One-thousand consecutive patients visiting the Pre-Operative Evaluation (POE) Clinic at Mayo Clinic in Rochester Minnesota between June 2013 and October 2013 were surveyed using a written questionnaire.

Results

A total of 854 respondents completed the survey to some degree. A large majority (84 %) stated that they had not previously visited an IPRS. Of those writing comments on an IPRS in the past, just over a third (36 %) provided either unfavorable (9 %) or a combination of favorable and unfavorable (27 %) reviews of physician interactions. Among all respondents, 28.1 % strongly agreed that a positive physician review alone on an IPRS would cause them to seek care from that practitioner. Similarly, 27 % indicated that a negative IPRS review would cause them to choose against seeking care from that physician. Fewer than a third indicated that knowledge of a malpractice suit alone would negatively impact their decision to seek care from a physician. Whether a respondent had visited an IPRS in the past had no impact on the answers provided.

Conclusions

Few patients had visited IPRS, with a limited number reporting that information provided on these sites would play a significant role in their decision to seek care from a particular physician.

Background

Although much research on patient satisfaction with their overall health care experience has been published recently, little information is available concerning patient satisfaction and experiences with individual physicians [1, 2]. Over the last decade, there has been a substantial increase in the number of on-line health care grading sites that offer patient feedback on physicians, staff and hospitals. These Internet-based health care rating sites are viewed as part of a larger enterprise focusing on consumer interests such as restaurants, hotels and plumbers, to name just a few. In one recent poll, almost a quarter of Internet users reported reading online reviews prior to purchasing goods or services offline, while fewer (14 %) reviewed medical service sites [3, 4]. However, among those using rating sites for medical services, over three quarters reported that the information gleaned had a significant influence on their purchase [3, 4]. Users in general voiced that reviews generated by fellow consumers had a greater influence than those generated by professionals [4].
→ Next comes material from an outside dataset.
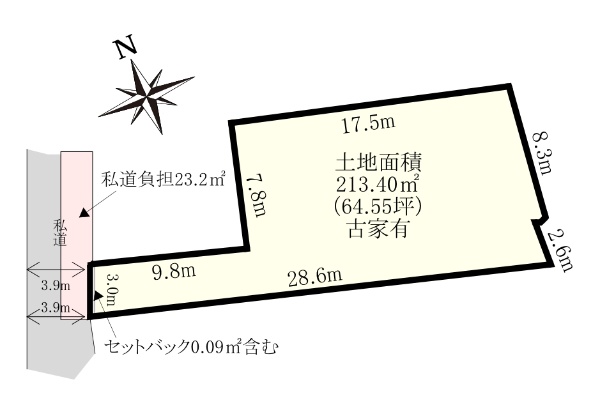 2駅3路線利用可能 私道約3.9mに約3.0m接する

Included among this growing industry of online health care service reviews are Internet physician rating sites (IPRS). In 2010, it was reported that 16 % of just over 3000 Internet users reported accessing online physician ranking or review sites in the past [5]. In 2010, it was estimated that one in six physicians practicing in the United States (U.S) has been reviewed online [6]. Despite a growing interest among some consumers of medical services, most studies of IPRS have restricted their analysis to sampling data from individual sites [2, 3, 68]. As a result, they are often limited to gathering information on the percentage of physicians rated and assessment of whether the ratings were positive or negative [3, 68]. In one recent study however, the influence these sites had on U.S. consumers’ choices when selecting a primary care physician was explored [9]. The study did not evaluate for differences between those who had, and had not, visited such sites. In addition, the study was conducted using an Internet-based survey instrument, potentially selecting a study population that was more “Internet savvy” and younger than consumers of healthcare in general.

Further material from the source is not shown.